Buon pomeriggio, sono specializzata in sostegno secondo grado con 97 punti. Se scelgo una piccola provincia del nord posso avere poche possibilità perché ci sono poche scuole?
Questa la risposta del prof. Lucio Ficara, esperto di normativa scolastica, durante la diretta della Tecnica risponde live del 5 marzo:
“Non è tanto il numero delle scuole perché quello è un dato non pienamente rilevante, è il numero dei posti che non è funzionale al numero delle scuole perché potrebbe nel sostegno del secondo grado esserci una scuola che ha 20 posti di sostegno, un’altra scuola 30 posti di sostegno, già la somma 20 + 30 fa 50.
Invece in un’altra provincia dove ci sono più scuole, ci sono solo pochi posti per singola scuola e questo poi non genera un numero importante. Dunque il numero dei posti e non il numero delle scuole. Il vantaggio della piccola provincia rispetto alla grande provincia può essere che è presa meno d’assalto e dunque c’è una domanda inferiore nonostante ci sia un’offerta importante e questo avvantaggerebbe.
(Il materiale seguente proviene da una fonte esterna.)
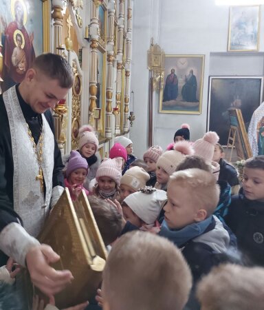 Но в последние годы все изменилось, и сегодня в школах нашей страны дети с удовольствием обучаются на факультативных занятиях, изучая не только Православие, но и уроки доброты, милосердия, любви. А в качестве практического занятия дети часто посещают храмы города. Например, 23 ноября ребята 1-го и 2-го классов СШ №1 г.Клецка побывали в храме Воскресения Христова, где их душевно встретил благочинный Клецкого церковного округа иерей Геннадий Белоус.

Tutto molto relativo, non è il numero delle scuole, perché il numero delle scuole tu lo fai solo per le graduatorie di istituto. A volte ci sono delle province piccole dove non riesci ad avere nemmeno 20 scuole, però hai tanti posti.
Allora, qual è il consiglio che do? Vai nel bollettino, conta il numero dei posti assegnati nei bollettini da settembre fino a dicembre 25 e ti renderai conto che anche una piccola provincia può aver concesso un numero di supplenze superiori a una provincia più grande.
Ecco, se devi scegliere, non fare l’errore di scegliere in base al numero delle scuole, ma fallo in base ai bollettini e dunque a un dato statistico oggettivo e non il numero delle scuole”.